Técnica do reconhecimento de rostos, aposta para flagrar criminosos nas ruas, tem falhado mais que o esperado e confunde maioria dos inocentes com bandidos

Por André Lopes 3 ago 2018, 07h00

O filme de 1985 do americano Terry Gilliam, a distopia futurista Brazil — que não faz referência direta ao país, mas ao gingado da música brasileira —, traz um protagonista, Buttle, que é preso erroneamente depois que um sistema automatizado de identificação do governo ditatorial o confunde com um bandido foragido. Roteiros de ficção científica costumam prever tecnologias que mais tarde se tornam rotineiras. Foi assim com a inteligência artificial, com os carros autônomos, com os smartphones, todas essas inovações imaginadas previamente em livros e no cinema. Agora, o amanhã torto descrito em Brazil começou a se concretizar. Descobriu-se que sistemas de reconhecimento facial utilizados na China para flagrar criminosos são muito menos precisos do que o celebrado pelo Partido Comunista.

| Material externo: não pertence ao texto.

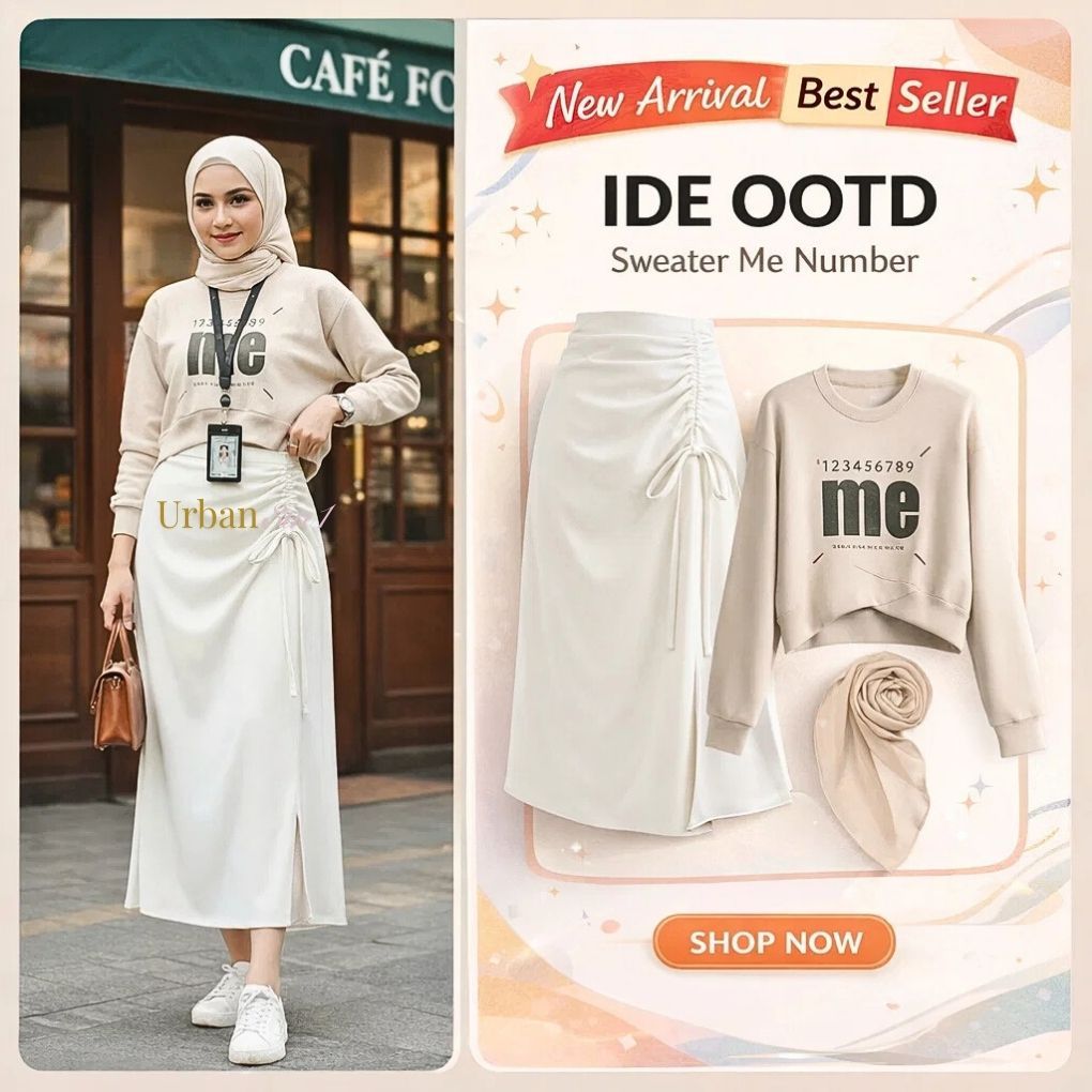One Set Dress Well Sweater Me Number + Rok Serut Kawai + Hijab 3in1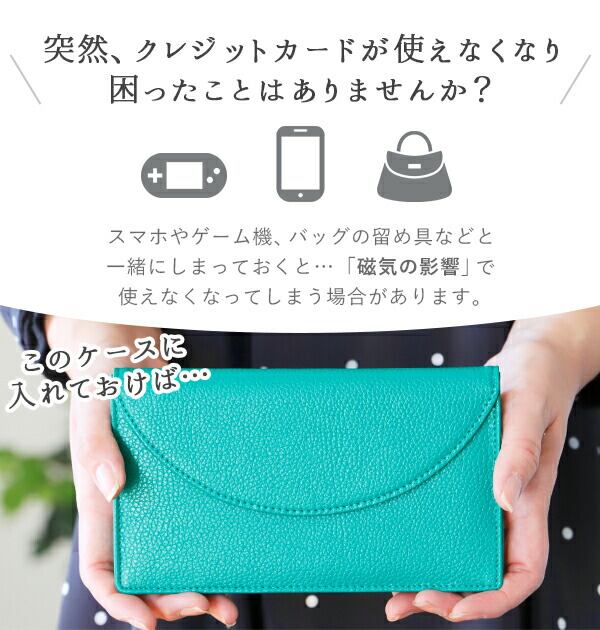 磁気ストライプ保護機能で大切なキャッシュカードやクレジットカードを守る通帳ケースです。キャッシュカードやクレカなどを磁気を発する携帯電話やポータブル音楽プレイヤー、携帯ゲーム機などと一緒にバッグに入れておくと、磁気の影響で使えなくなってしまう場合があります。この通帳ケースに入れれば、外部の磁気からカード類を保護することはもちろん、カードだけでなく通帳の磁気機能も保護できます♪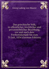 Das griechische Volk in offentlicher, kirchlicher und privatrechtlicher Beziehung, vor und nach dem Freiheitskampfe bis zum 31, Juli 1834. Воспроизведено в оригинальной авторской орфографии издания 1835 года (издательство "Heidelberg: in der Akademishen Buchhandlung von J. G. B. Mohr"). Это и многое другое вы найдете в книге Das griechische Volk, in offentlicher, kirchlicher und privatrechtlicher Beziehung, vor und nach dem Freiheitskampfe bis zum 31 Juli, 1834 (German Edition) (Georg Ludwig von Maurer)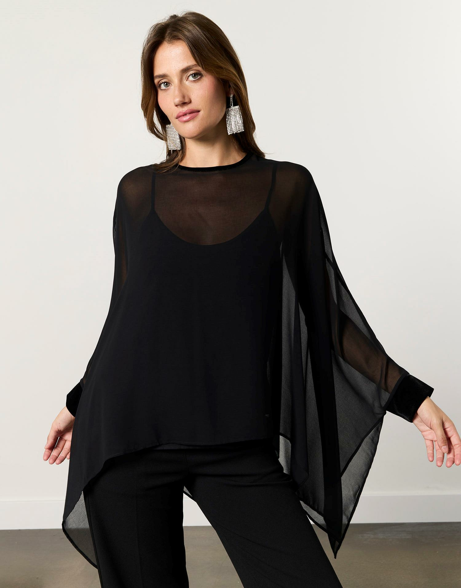 Voile noir transparent à manches chauve-souris, débardeur noir intégré, coupe ample. Armelle mesure 1m79 et porte une taille S.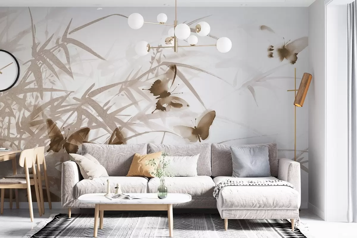 Fotobehang Texturale bamboebladeren en -stengels met vliegende bruine vlinders met transparante vleugels N° w08524v1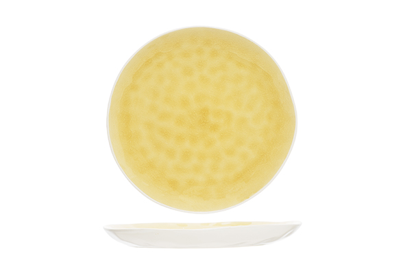 Deze drie Spirit Mustard borden hebben een subtiele craquelé look, bedekt met een gladde en blinkende glazuurlaag. De pastelkleur, de matte witte buitenkant en de ongedwongen natuurlijke vormen zijn een frisse en vrolijke combinatie. De borden zijn gemaakt uit aardewerk.- afmetingen: D: 27 cm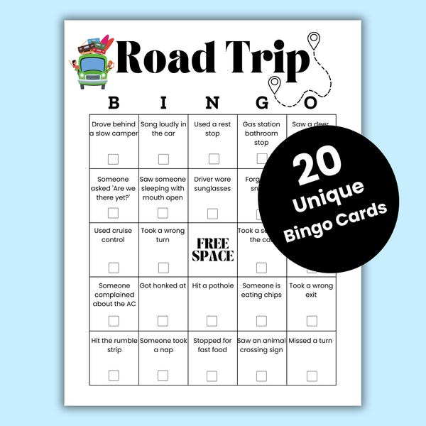 Bus Trip Bingo Etsy

A potência asiática é pioneira no uso dessa tecnologia em larga escala. Desde 2015, uma rede de 170 milhões de câmeras de segurança foi espalhada por vias públicas. Por meio de um banco de dados com 1,3 bilhão de fotos de rostos, o governo alega conseguir identificar até 700 milhões de cidadãos, com precisão que ultrapassa 80% de acerto. A China ainda informa que, após uma primeira abordagem de um suspeito, o cruzamento de informações extras de seus sistemas elevaria a probabilidade de correção para 97%. Mas não é bem assim.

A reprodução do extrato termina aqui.